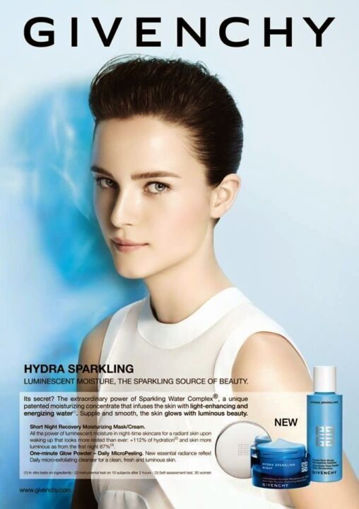 This is an ad for Givenchy and their Hydra Sparkling Moisturizer Sex Role Perspective This ad reinforces and resists stereotypical feminine characteristics at the same time. The woman…
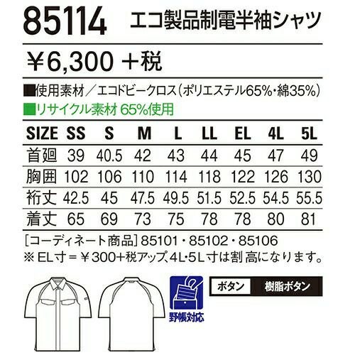 自重堂 作業服 84314 半袖シャツ 春夏 ユニセックス 作業着 半袖 ワークウエア ワークシャツ
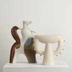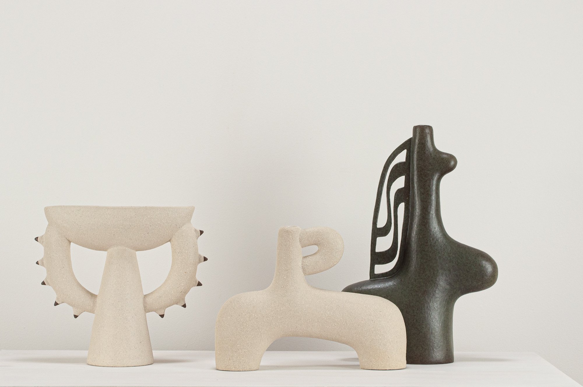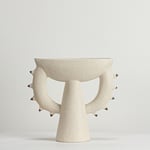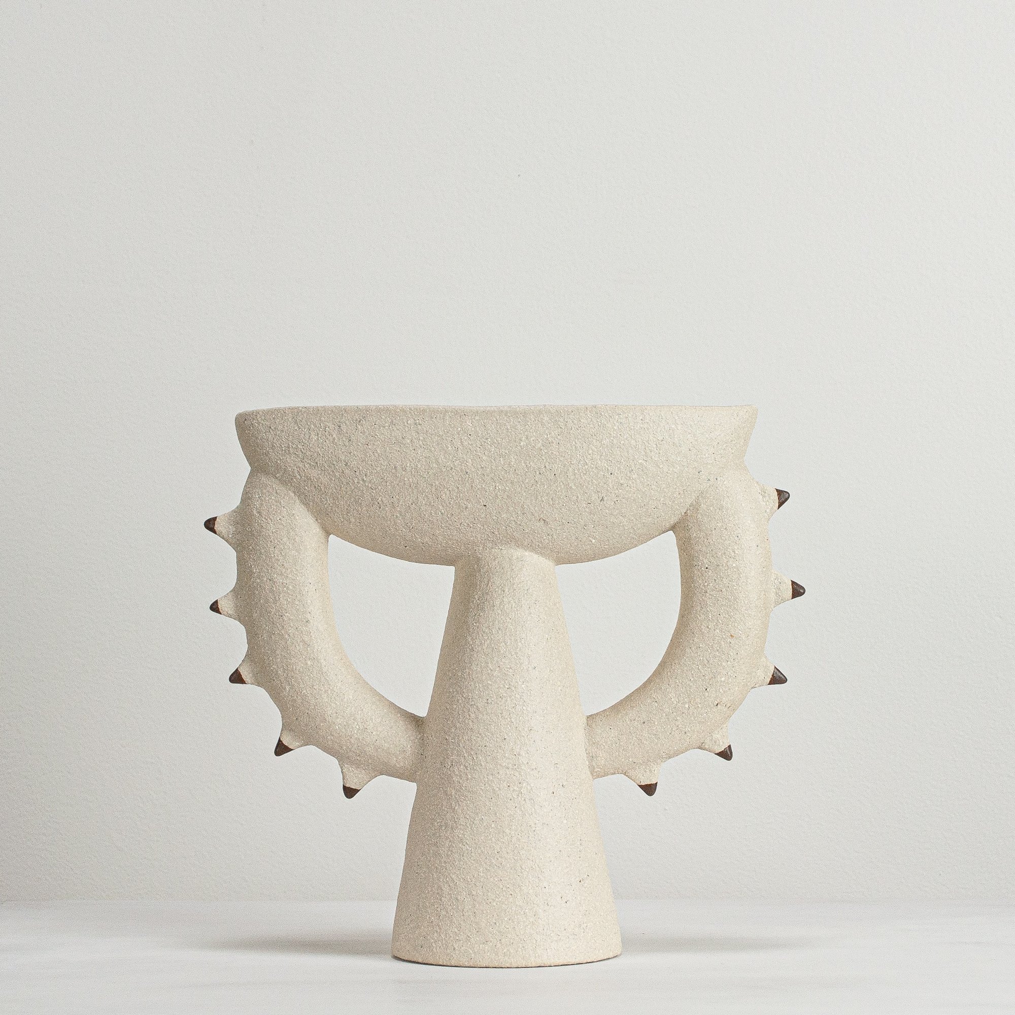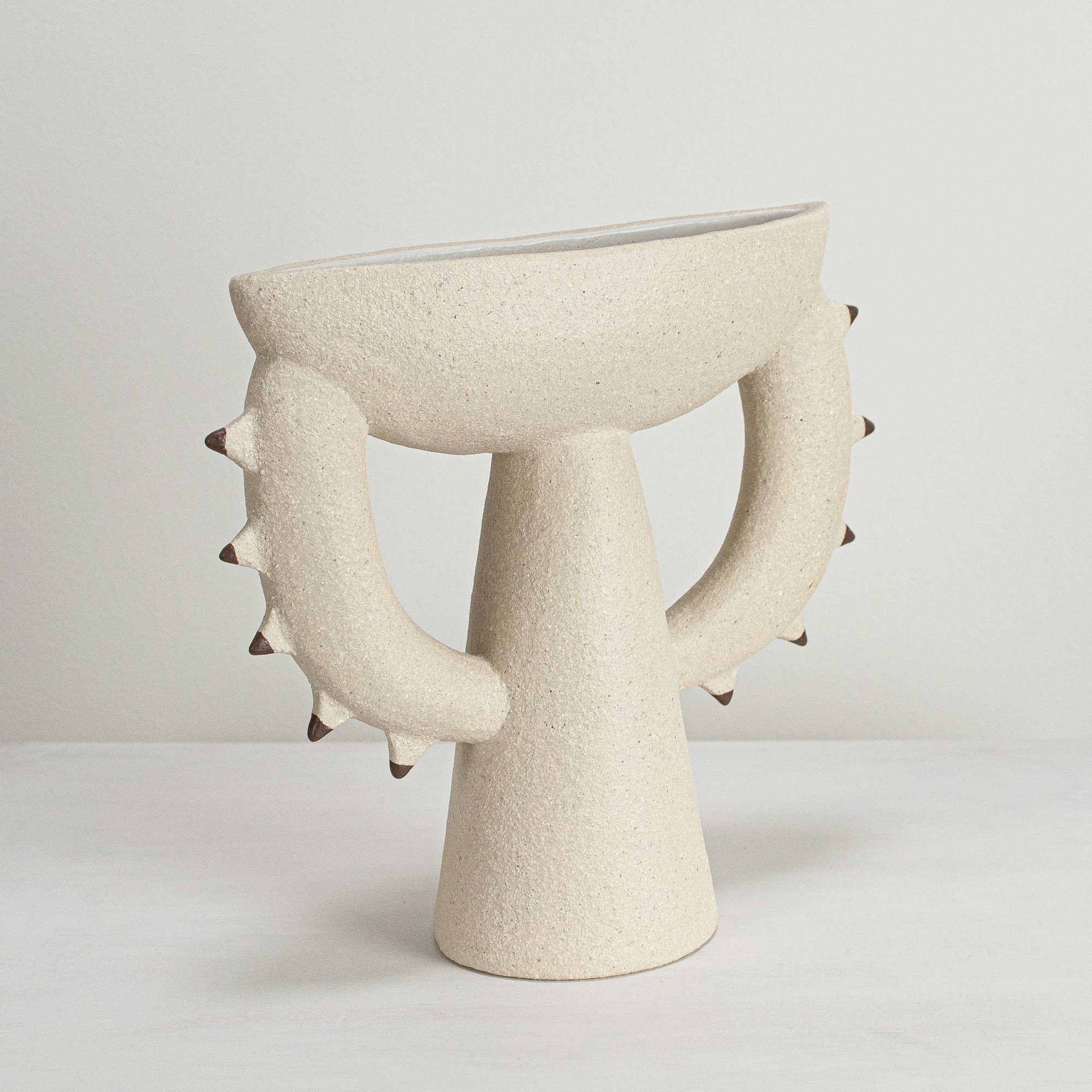 Stoneware sculptural vessel in a warm white, stoney finish. Suitable for use as a vase.

******

Leaving aside every picture, transcribe exactly the lines that run from the one with "自重堂 作業服 84314" to the close of the listing above.

 自重堂 作業服 84314 半袖シャツ 春夏 ユニセックス 作業着 半袖 ワークウエア ワークシャツ
 Stoneware sculptural vessel in a warm white, stoney finish. Suitable for use as a vase.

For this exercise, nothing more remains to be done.